Le contenu de l’avertissement ou de la mise en demeure mentionnés au premier alinéa doit être précis et motivé, dans des conditions fixées par décret en Conseil d’État.
Les parties ont été interrogées, dans le cadre du délibéré, par avis du 19 février 2024, sur l’irrecevabilité éventuelle de la demande de l’URSSAF, à défaut de mise en demeure notifiée par l’organisme au cotisant.
L’URSSAF fait valoir qu’aucune mise en demeure n’a été notifiée au cotisant dès lors que ce dernier a procédé au paiement de la CSM le 19 janvier 2018.
Les consorts [C] exposent qu’à défaut pour l’URSSAF d’avoir notifié une mise en demeure au cotisant, elle ne peut solliciter le recouvrement de cette somme.
Il n’est pas contesté que le cotisant, après avoir reçu l’appel de cotisation, s’est acquitté spontanément, par chèque daté du 19 janvier 2018, de l’intégralité du montant de la CSM, et a ensuite contesté cet appel de cotisation devant la commission de recours amiable de l’URSSAF, puis devant une juridiction de sécurité sociale.
La mise en demeure étant, conformément au texte sus-visé, transmise au cotisant n’ayant pas procédé spontanément au paiement des cotisations réclamées, la question de la notification d’une mise en demeure préalable est dès lors sans objet.
Conformément aux termes du jugement rendu sous le bénéfice de l’exécution provisoire, le 21 septembre 2021, par le pôle social du tribunal judiciaire de Nanterre, l’URSSAF, après avoir eu connaissance de l’identité des héritiers du cotisant, a remboursé aux consorts [C], la somme de 53 111 euros avec intérêt au taux légal à compter de la notification du jugement, soit la somme de 9 216,49 euros.
Dans le cadre de la présente instance, l’URSSAF sollicite l’infirmation du jugement entrepris et par conséquent le remboursement des sommes versées.
Le jugement déféré étant infirmé en toutes ses dispositions, l’URSSAF est donc bien fondée à solliciter auprès des consorts [C], le remboursement des sommes versées en exécution de ce jugement, soit la somme de 53 111 euros, et des intérêts d’un montant de 9 216,49 euros, peu important l’absence de mise en demeure préalable.
Sur les dépens et l’article 700 du code de procédure civile
Les consorts [C], qui succombent, seront condamnés aux dépens exposés tant devant les premiers juges qu’en cause d’appel.

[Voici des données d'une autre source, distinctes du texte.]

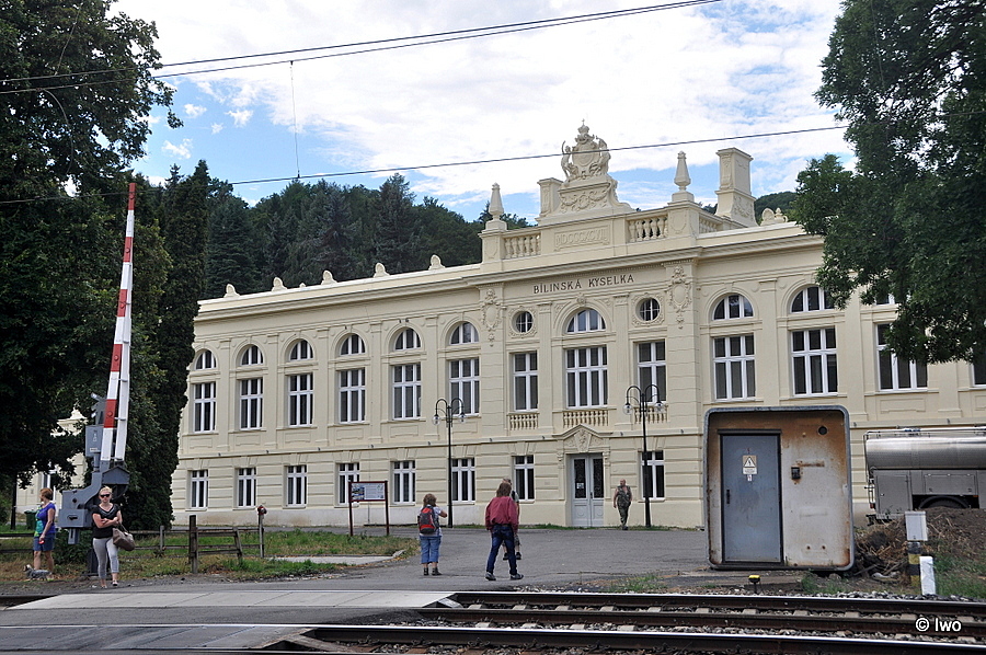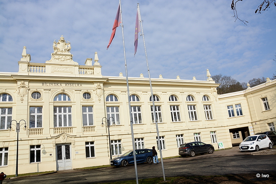 První budovou areálu lázní Bílina-Kyselka, kterou příchozí vidí, je bývalá stáčírna.

Ils seront également déboutés de leur demande formée en application de l’article 700 du code de procédure civile.
PAR CES MOTIFS
La cour, statuant publiquement et contradictoirement, par mise à disposition au greffe :
INFIRME le jugement entrepris en toutes ses dispositions ;
Statuant à nouveau,
Rejette le recours formé par Mme [Y] et M. [K] [C], venant aux droits de leur père [N] [C] ;
Déclare irrecevable le moyen tiré de la prescription opposé par Mme [Y] et M. [K] [C], venant aux droits de leur père [N] [C] ;
Dit que la demande reconventionnelle de l’URSSAF du Centre Val-de-Loire est recevable et bien fondée ;
En conséquence,
Condamne Mme [Y] et M. [K] [C], venant aux droits de leur père [N] [C], à rembourser à l’URSSAF du Centre Val-de-Loire la somme de 53 111 euros, assortie des intérêts de retard d’un montant de 9 216,49 euros ;
Condamne Mme [Y] et M. [K] [C], venant aux droits de [N] [C] aux dépens exposés tant devant le tribunal judiciaire de Nanterre que devant la cour de céans ;
En application de l’article 700 du code de procédure civile, rejette la demande formée par Mme [Y] et M. [K] [C], venant aux droits de [N] [C] ;
Prononcé par mise à disposition de l’arrêt au greffe de la cour, les parties en ayant été préalablement avisées dans les conditions prévues au deuxième alinéa de l’article 450 du code de procédure civile.
Signé par Madame Sylvia LE FISCHER, Présidente, et par Madame Juliette DUPONT, Greffière, à laquelle le magistrat signataire a rendu la minute.